I canceled my Friday, October 7th scan and appointment in Charlottesville, Virginia with the vascular neurosurgeon who placed my VP shunt in April. The logistics of flying there are much more expensive and trying to navigate the several hours from there to DC without being able to rent a car and drive myself are just too difficult. My shunt is working beautifully, and I have continued to have complete relief from pressure headaches and symptoms. It rained buckets last week. I’ve been overwhelmed realizing what a true gift my surgery was. I never could have continued to fight for this relief without all of you praying and encouraging and donating. You didn’t give up. Thank you. We suffer gratitude. I will keep on thanking you because there is nothing else I know to do.

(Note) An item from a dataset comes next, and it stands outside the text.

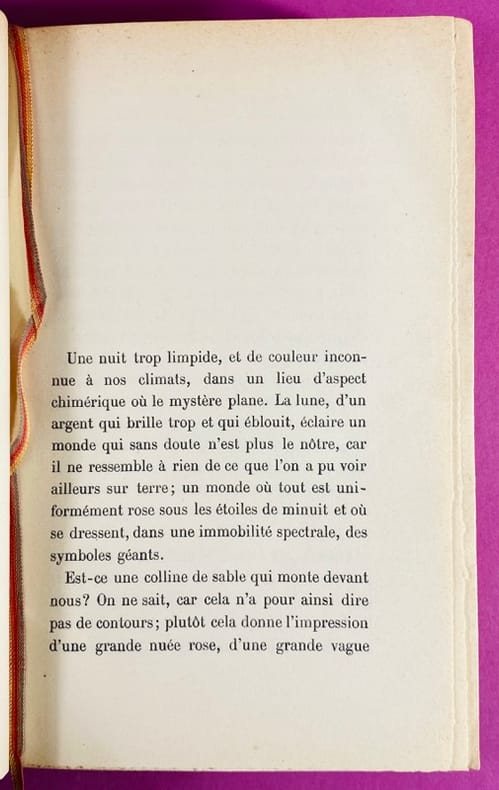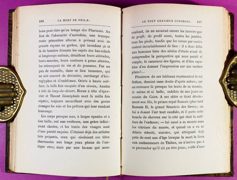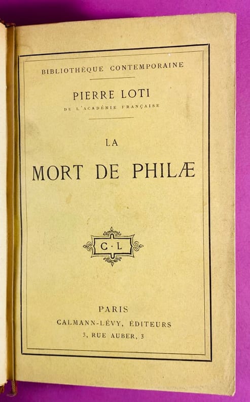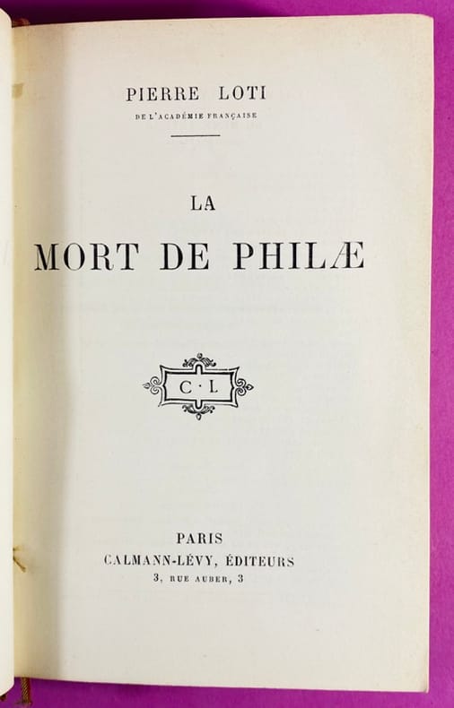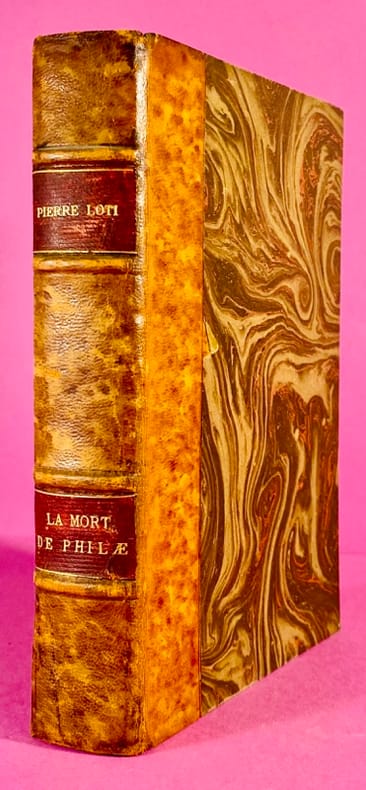 1908 Paris, Calmann-Lévy Editeurs, 11-1908. Un volume in-12 (19 cm x 12,5 cm), reliure demi-basane postérieure, dos à 4 nerfs, titre doré, papier à la cuve aux plats et contreplats, tranche supérieure dorée, charnière inférieure fendue en pied sur 4 cm, accroc au papier du 1er plat, couverture d'origine et dos conservés (quelques marques d'usage, petit manque au coin inférieur du verso). 356 pages. Pierre Loti, officier de marine et grand voyageur, exprime ici sa tristesse et sa colère devant la disparition de l'Égypte traditionnelle. Le titre fait référence à l'île de Philae et son temple, condamnés à être engloutis par les eaux du premier barrage d'Assouan construit par les Anglais. Bon exemplaire de cette édition originale sur papier courant.

I am keeping a long standing appointment in Maryland with my neurosurgeon on Monday, October 10th. I am suffering increasing neck pain and symptoms. There is definitely spinal cord compression. If Danica’s surgery had remained on the 12th I would have needed to cancel my own scan and consult. I’ve wondered if I could even make it through being Danica’s advocate and caregiver during surgery, hospitalization and long recovery in the pain I’m in. Much like my emergency hysterectomy before her last big surgery I see God making a way for me to put on my own oxygen mask first. The plan is for me fly to DC this coming Sunday, the 9th. I will have my upright flexion and extension MRI and see my neurosurgeon on Monday and fly home that evening. I’m secretly praying if I need a one or two level fusion he would keep me and just do it even though I have no idea how my family would function here if that happened or how we would financially do it. I would be a much better mom to Danica in post op mode with more stability and less pain. Will you please pray specifically for this trip? I also have all day chemotherapy tomorrow. The new treatment plan is for me to have a full bag of Rituxin every six weeks indefinitely. Over the past week or so I have begun getting the blisters back on my hands and feet and my eye and legs have been twitching. These are always the first signs infection is ramping back up. Will you please pray this chemo will suppress the fires and be a long term answer, so I can completely avoid plasmapheresis? It is always healing, never being healed.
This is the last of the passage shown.